In the spring of 2020, field stations across the country locked their gates. The COVID-19 pandemic shut down the educational infrastructure that hundreds of thousands of students depend on each year for direct experience with ecological systems. At the John Inskeep Environmental Learning Center in Oregon City, where I served on the founding technical advisory committee, the seasonal rhythms of student field visits simply stopped. The frogs still called from the wetlands. Nobody was there to hear them.

The response was fast and grassroots. The Organization of Biological Field Stations mobilized fifty field sites across twenty-six states and six countries. Claudia Luke at Sonoma State, Hilary Swain at Archbold, and Kari O’Connell at Oregon State secured an NSF RAPID grant funded through the CARES Act to coordinate the effort. The Virtual Field Project went live in October 2020 with a mandate both urgent and modest: get students into ecosystems they could no longer physically visit, and do it with whatever tools were at hand.

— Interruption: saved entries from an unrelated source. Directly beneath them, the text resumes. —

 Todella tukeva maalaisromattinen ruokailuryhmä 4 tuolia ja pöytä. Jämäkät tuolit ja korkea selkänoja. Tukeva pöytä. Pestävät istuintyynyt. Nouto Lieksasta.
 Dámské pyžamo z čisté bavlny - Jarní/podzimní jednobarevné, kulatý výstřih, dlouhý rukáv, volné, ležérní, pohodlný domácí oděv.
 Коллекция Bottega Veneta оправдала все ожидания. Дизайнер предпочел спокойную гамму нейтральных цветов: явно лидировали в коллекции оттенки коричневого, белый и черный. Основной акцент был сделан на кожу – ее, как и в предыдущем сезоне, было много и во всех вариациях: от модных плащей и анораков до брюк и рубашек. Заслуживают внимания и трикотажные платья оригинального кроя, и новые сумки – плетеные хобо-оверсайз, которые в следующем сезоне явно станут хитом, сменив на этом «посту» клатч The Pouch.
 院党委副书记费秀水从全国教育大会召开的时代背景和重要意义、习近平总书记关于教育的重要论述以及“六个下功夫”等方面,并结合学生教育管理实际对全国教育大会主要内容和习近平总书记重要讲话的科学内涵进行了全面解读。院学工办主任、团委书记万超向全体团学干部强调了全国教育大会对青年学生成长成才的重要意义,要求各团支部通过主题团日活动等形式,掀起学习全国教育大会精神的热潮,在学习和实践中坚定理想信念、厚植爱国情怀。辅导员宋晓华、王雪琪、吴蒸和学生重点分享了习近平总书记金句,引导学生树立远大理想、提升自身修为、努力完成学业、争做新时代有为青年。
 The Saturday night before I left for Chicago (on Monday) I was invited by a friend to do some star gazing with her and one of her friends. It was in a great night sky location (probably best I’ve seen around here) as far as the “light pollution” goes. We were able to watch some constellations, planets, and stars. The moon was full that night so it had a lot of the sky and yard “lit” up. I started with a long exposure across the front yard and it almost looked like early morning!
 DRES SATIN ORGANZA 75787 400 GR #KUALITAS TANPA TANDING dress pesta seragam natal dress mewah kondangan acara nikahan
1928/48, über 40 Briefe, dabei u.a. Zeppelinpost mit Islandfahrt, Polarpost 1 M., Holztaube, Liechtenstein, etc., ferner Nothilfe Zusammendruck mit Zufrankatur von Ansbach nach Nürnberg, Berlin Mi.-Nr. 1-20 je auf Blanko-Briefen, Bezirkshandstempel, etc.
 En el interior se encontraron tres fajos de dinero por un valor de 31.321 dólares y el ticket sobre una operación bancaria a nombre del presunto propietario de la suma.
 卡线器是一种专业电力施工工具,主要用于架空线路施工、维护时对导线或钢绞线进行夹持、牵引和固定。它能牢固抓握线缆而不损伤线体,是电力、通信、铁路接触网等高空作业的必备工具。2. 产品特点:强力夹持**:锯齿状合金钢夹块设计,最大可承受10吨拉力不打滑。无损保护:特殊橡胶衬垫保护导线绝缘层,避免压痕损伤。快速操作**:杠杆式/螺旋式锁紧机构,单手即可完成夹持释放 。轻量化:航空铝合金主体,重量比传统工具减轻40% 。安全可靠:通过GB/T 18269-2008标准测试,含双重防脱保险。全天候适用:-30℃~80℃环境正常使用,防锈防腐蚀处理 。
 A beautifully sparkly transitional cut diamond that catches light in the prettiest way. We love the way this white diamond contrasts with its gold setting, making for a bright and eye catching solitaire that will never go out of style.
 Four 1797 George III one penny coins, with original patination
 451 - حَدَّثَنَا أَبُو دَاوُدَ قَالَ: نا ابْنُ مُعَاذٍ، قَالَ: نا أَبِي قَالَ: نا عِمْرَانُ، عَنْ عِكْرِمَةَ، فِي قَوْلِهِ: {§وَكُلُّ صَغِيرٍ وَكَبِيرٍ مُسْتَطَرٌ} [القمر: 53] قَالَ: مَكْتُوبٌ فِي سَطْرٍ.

I volunteered the ELC as a participating station and took on the role of field camera operator. Four times a year, aligned with the solstices and equinoxes, I set up an Insta360 camera at two monitoring points in the reserve’s hardwood-conifer forest. Five minutes of 360-degree video at each point, capturing the full sphere of the environment. Winter 2021 through Fall 2022 – eight sessions, sixteen videos, uploaded alongside contributions from stations in Montana, Michigan, South Carolina, Belgium, Costa Rica, and dozens of other locations. The protocol was deliberately simple. Anyone who could operate a consumer camera could contribute.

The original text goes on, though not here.